Notch-1 activates estrogen receptor-alpha-dependent transcription via IKKalpha in breast cancer cells

L Hao  1 P RizzoC OsipoA PannutiD WyattL W-K CheungG SonensheinB A OsborneL Miele
Affiliations

Notch-1 activates estrogen receptor-alpha-dependent transcription via IKKalpha in breast cancer cells

L Hao et al. Oncogene. .

Abstract

Approximately 80% of breast cancers express the estrogen receptor-alpha (ERalpha) and are treated with anti-estrogens. Resistance to these agents is a major cause of mortality. We have shown that estrogen inhibits Notch, whereas anti-estrogens or estrogen withdrawal activate Notch signaling.
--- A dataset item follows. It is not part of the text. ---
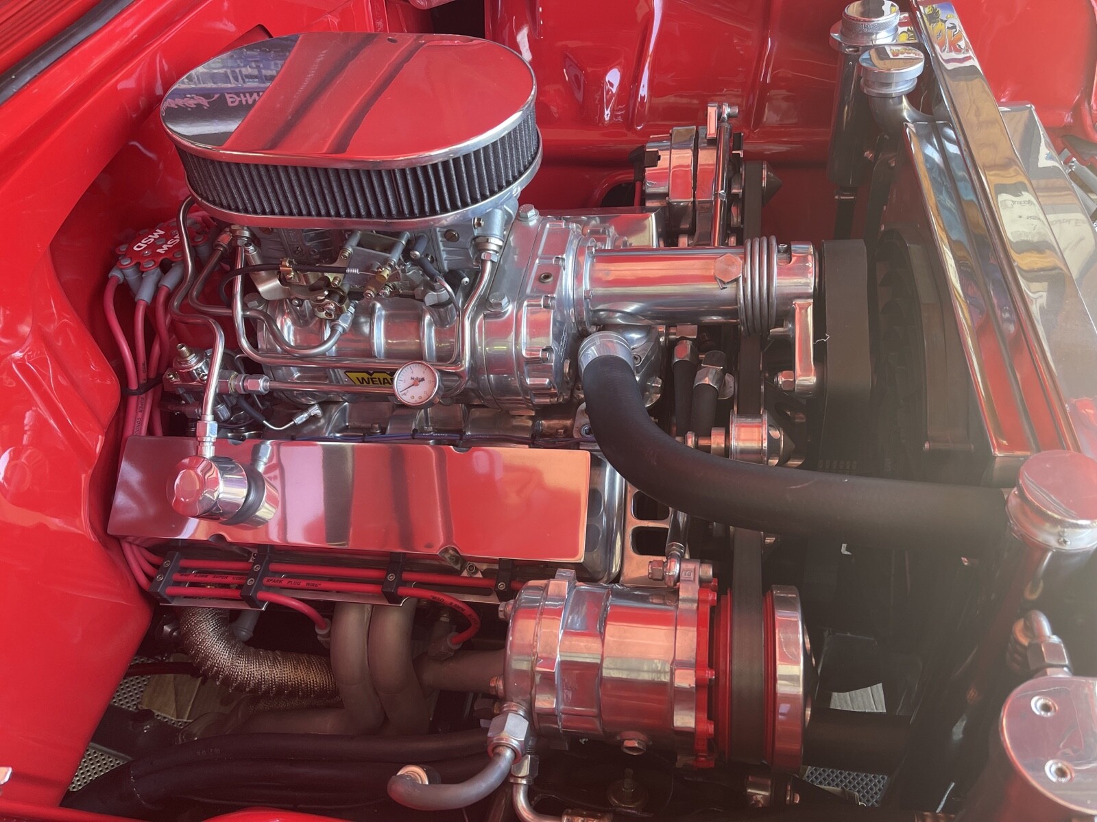 This car truly drives like a dream, hugging the road flawlessly with the help of coil over suspension, anti sway bar, power rack and pinion steering, and stainless steel upper and lower control arms by Heidts Hot Rod Shop and of course power disc brakes.Under the hood is where you’ll find a fully dressed, supercharged 350 engine.

Combined inhibition of Notch and estrogen signaling has synergistic effects in ERalpha-positive breast cancer models. However, the mechanisms whereby Notch-1 promotes the growth of ERalpha-positive breast cancer cells are unknown. Here, we demonstrate that Notch-1 increases the transcription of ERalpha-responsive genes in the presence or absence of estrogen via a novel chromatin crosstalk mechanism. Our data support a model in which Notch-1 can activate the transcription of ERalpha-target genes via IKKalpha-dependent cooperative chromatin recruitment of Notch-CSL-MAML1 transcriptional complexes (NTC) and ERalpha, which promotes the recruitment of p300. CSL binding elements frequently occur in close proximity to estrogen-responsive elements (EREs) in the human and mouse genomes. Our observations suggest that a hitherto unknown Notch-1/ERalpha chromatin crosstalk mediates Notch signaling effects in ERalpha-positive breast cancer cells and contributes to regulate the transcriptional functions of ERalpha itself.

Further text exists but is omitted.